Me pregunté si se daría cuenta de lo irónico que resultaba que estuviera ayudando a Eric Gruen, uno de los criminales de guerra más deleznables. No tardé en saber que sí.

– Es la voluntad de Dios que la comunidad de San Rafael ayude a quienes fueran sus perseguidores en el pasado -dijo-. Además, en estos momentos el enemigo es otro, aunque no menos peligroso. Un enemigo que ve en la religión el opio que envenena las mentes del pueblo.

Con todo, eso no era nada en comparación con lo que seguiría.

Mi celda no se encontraba en el claustro, como las de los monjes, sino en la enfermería, donde, según me aseguró el padre Bandolini, estaría mucho más cómodo.

– Créame -dijo acompañándome a través del claustro-, ahí tendrá menos frío. En esas celdas se permite encender fuego, disponen de cómodos sillones y los baños son más modernos que los del claustro. Se le llevará la comida a la celda, y si quiere, puede asistir a misa en la basílica con los demás hermanos. Y si busca absolución, no tiene más que decírmelo y le haré mandar un sacerdote. -Abrió una pesada puerta de madera y me condujo a través de la sala capitular hasta la enfermería-. No estará solo -añadió-. Tenemos otros dos huéspedes alojados con nosotros en estos momentos. Caballeros como usted. Ellos le explicarán cómo funciona todo. Ambos esperan para emigrar a Sudamérica. Enseguida se los presento, aunque no por su verdadero nombre, por razones obvias. Si me permite, lo presentaré con su nuevo nombre, el que figurará en su pasaporte cuando lo envíen desde Viena.

– ¿Cuánto suele tardar? -pregunté.

– Puede que unas semanas -dijo-. Una vez lo tenga, necesitará un visado. Es posible que lo destinen a Argentina. Últimamente, todo el mundo va allí, según creo. Su gobierno se ha solidarizado con la emigración alemana. Y por último, naturalmente, necesitará el pasaje para el barco. La Com pañía se encargará también de eso. -Sonrió como para darme ánimos-. Me temo que tendrá que hacerse a la idea de pasar con nosotros unmes o dos por lo menos.

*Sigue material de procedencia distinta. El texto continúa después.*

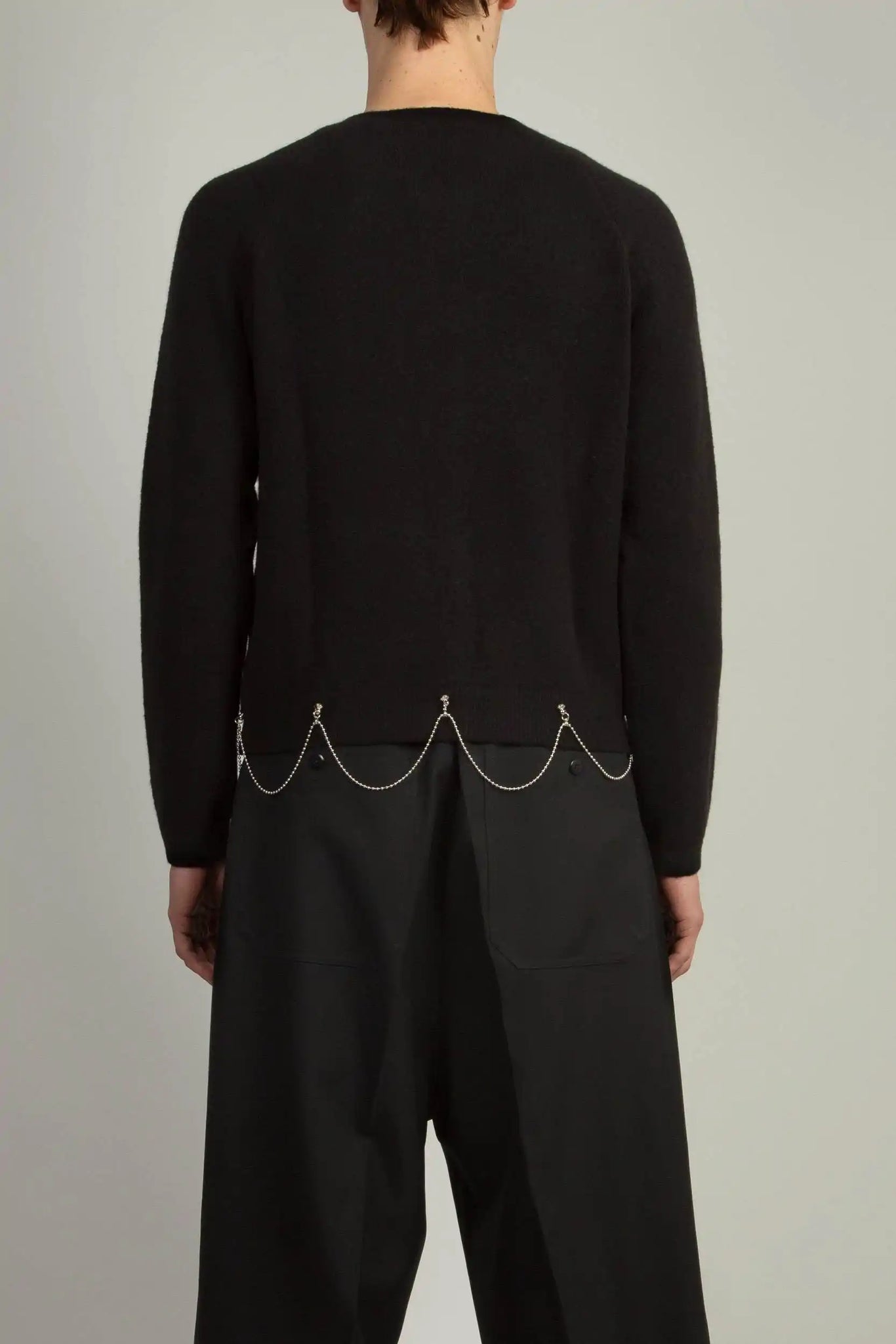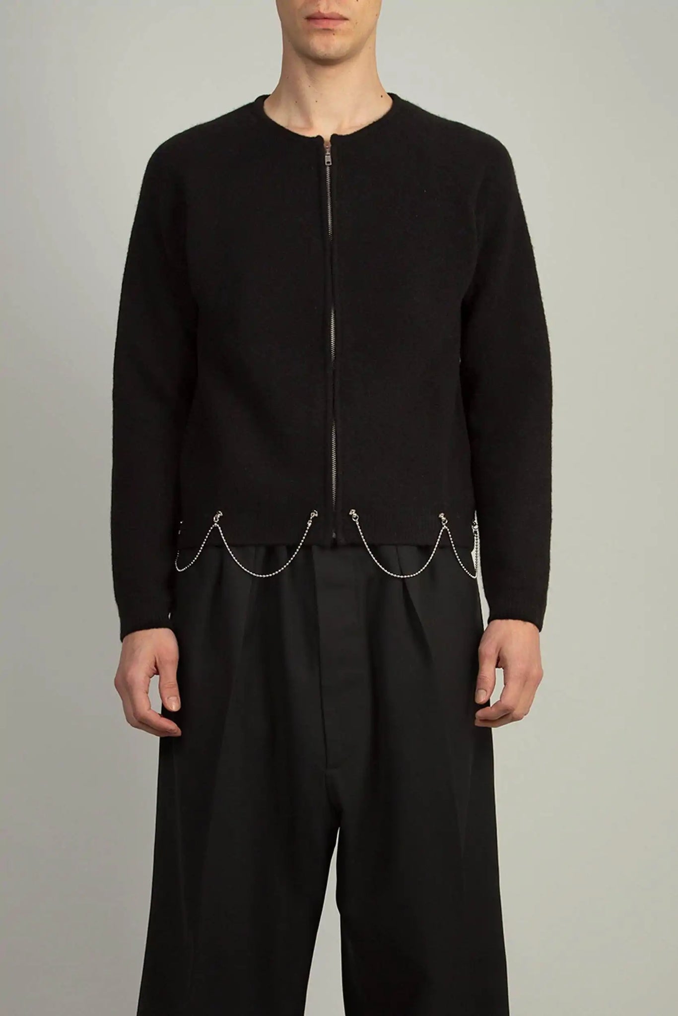 Cardigan elasticizzato Shetland con zip integrale in nero, vestibilità maschile, maniche a sella, bordi a costine 1x1 e dettaglio a catena sull'orlo per un finish minimal e moderno.

– Mi padre vive cerca -dije-. En Garmisch-Partenkirchen. Me gustaría verlo antes de abandonar el país. Me parece que no habrá otra ocasión.

– Efectivamente, Garmisch no queda lejos. Unos ochenta o noventa kilómetros en línea recta. Nosotros enviamos cerveza a la base que los americanos tienen allí. Hay que ver lo que les gusta la cerveza a los americanos. Tal vez pueda ir con el camión del próximo reparto. Veré qué puedo hacer.

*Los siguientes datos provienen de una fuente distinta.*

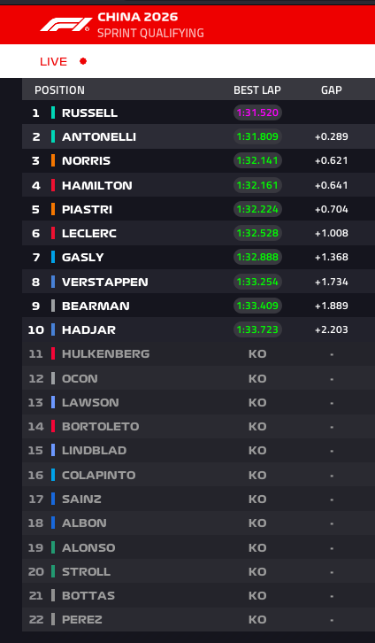 Looks like it’ll be a two way race, between Mercedes & McLaren. I know it’s just the sprint.

– Gracias, padre, se lo agradezco de veras.

Desde luego, en cuanto dispusiera de mi nueva identidad y el pasaporte me dirigiría a Hamburgo. Siempre me ha gustado Hamburgo. Además, es el lugar que queda más alejado de Munich y Garmisch sin salir de Alemania. Lo último que me pasaba por la cabeza era terminar en un barcucho con destino a alguna república bananera como los compañeros que estaban a punto de presentarme.

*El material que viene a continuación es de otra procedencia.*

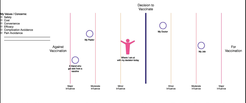 Also, in a prior publication, one of the authors outlined the use of an empathy tool (see image above) designed to help HCPs explore influences on an individual - e.g., their doctor, religious institution/pastor, friends, or favourite blogger - and how these influences impact their decision-making. This tool also helps the HCP explore an individual's values, concerns, and motivations within the decision-making process. Underlying the creation of the empathy tool is human-centred design, which aims to address a particular need through a systems-based approach. The empathy tool can also be applied to the exploration of the influences on HCP's beliefs and decision-making in regard to vaccines.

El padre Bandolini llamó a la puerta con delicadeza y la abrió. Entramos en un saloncito acogedor en el que había dos hombres sentados en sendas butacas. Sobre la mesa había una botella de Three Feathers y un paquete de Regents abierto. Buen augurio, pensé. En la pared había un crucifijo y un retrato del papa Pío XII con algo parecido a una colmena sobre la cabeza. Tal vez sea por las gafas sin montura y el semblante ascético, pero ese Papa tiene algo que me hace pensar invariablemente en Himmler. La cara del Papa también se parecía bastante a la de uno de los dos hombres del salón. La última vez que lo había visto era enero de 1939 y estaba entre Himmler y Heydrich. Recuerdo haber pensado en él como un tipo simple e intelectualmente insignificante, e incluso en ese momento, al reencontrarlo, me costó creer que fuera el hombre más buscado de Europa. A simple vista no se percibía en él nada extraordinario: rostro anguloso, ojos rasgados, orejas algo prominentes y, sobre un bigotito al estilo de Himmler -de por sí una mala elección-, una larga nariz sobre la que descansaban unasgafas de montura negra. Parecía un sastre judío, descripción que, por lo que se me alcanza, le hubiera fastidiado bastante, pues el tipo en cuestión era Adolf Eichmann.